The government’s decentralized energy activation roadmap will include the energy storage system (ESS) support policy required for distributed energy, the establishment of a virtual power plant (VPP), and the introduction of a regional distributed energy special zone. ESS can complement the generation of new and renewable energy, which is highly volatile. In the case of solar power, the amount of power generated during the day is large, but the amount of power generated at night is small, so variability can be reduced by storing the amount of electricity in the ESS during the day and using it at night. VPP is a system that virtually integrates distributed energy. According to the government plan, VPP gathers 40MW or less renewable energy power plants and integrates them as a single power plant. It becomes easier to manage distributed power plants, reducing the variability of renewable energy. The Distributed Energy Special Zone is to give special cases, such as permitting electricity transactions, by taking a specific area where distributed energy has been developed as a model example.

In the industry, it is a position that the policy base for distributed energy must be prepared in a hurry. The industry emphasized, “The domestic distributed energy is in its infancy, so the environment for distributed energy has not been created,” and emphasized that “the business can be activated only when a policy for activating distributed energy is in place.” What specific policies will be formulated to activate distributed energy this year is important in the growth of the renewable energy industry.

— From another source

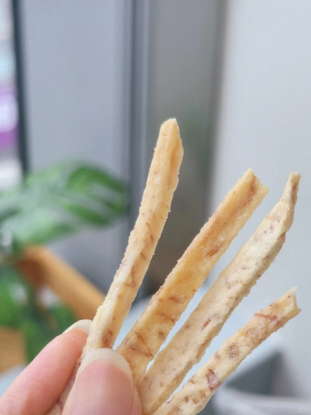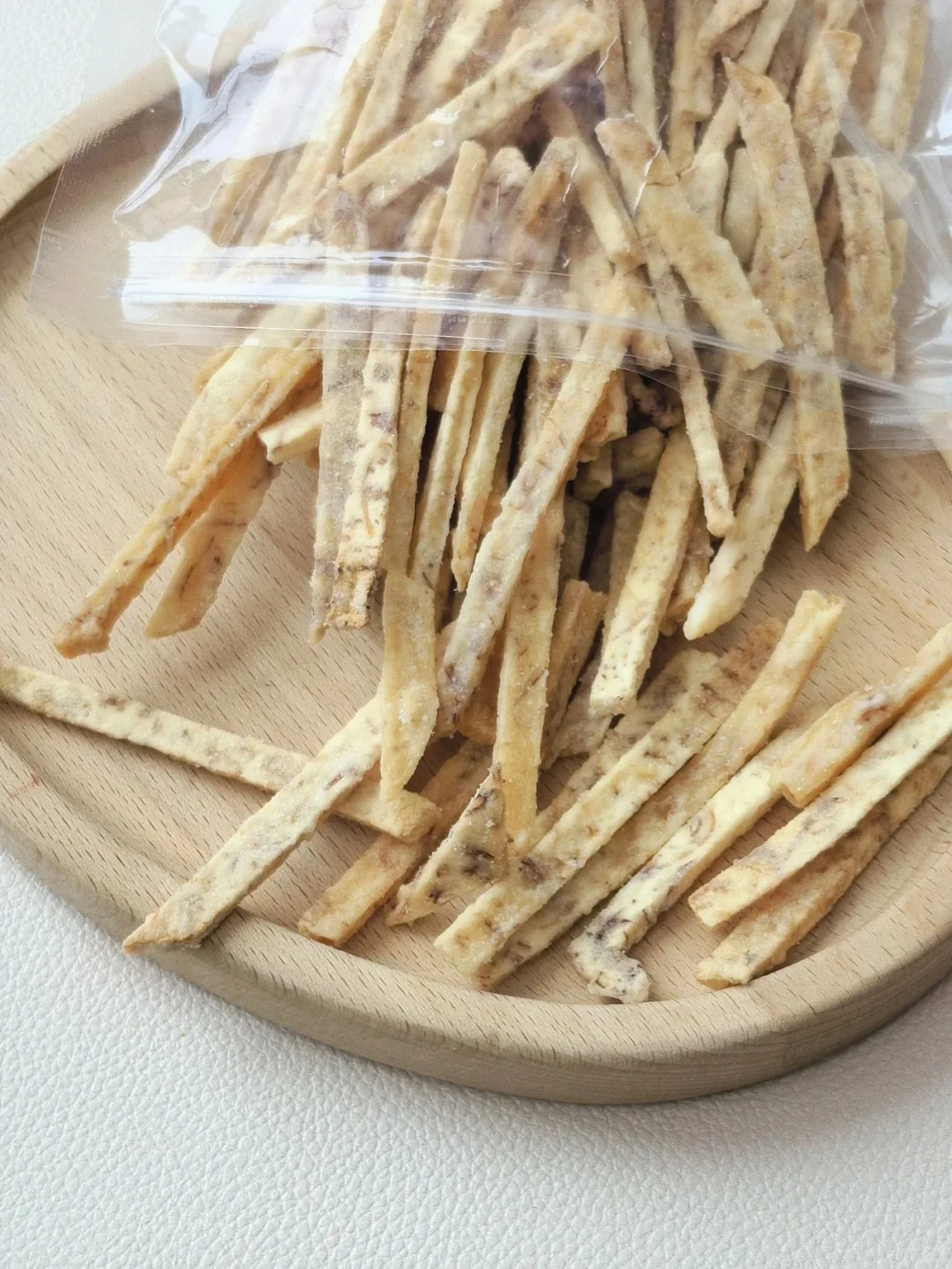 入口从迷惑到真香:不就普通油炸物?→有芋头香味欸→最后竟像在吃薯条!好吃!它切得挺薄,椒盐调味料放得恰到好处,不咸不腻又够有滋味。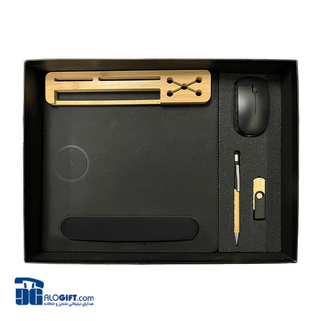 ست رومیزی دیجیتال 6تکه -ست پد ماوس وایرلس- تقویم رومیزی -فلش 32گیگ-خودکار چوبی سرتاچ-موس وایرلس

President Moon declared in November last year that he would not hand over the greenhouse gas reduction plan to the next government. To this end, the 2050 Carbon Neutral Committee was set up under the direct control of the President, and a new vice minister dedicated to energy was also established in the Ministry of Industry. This year is virtually the last year of President Moon’s tenure. How well to lay the foundation for new and renewable energy at the end of the term remains an important task for the government.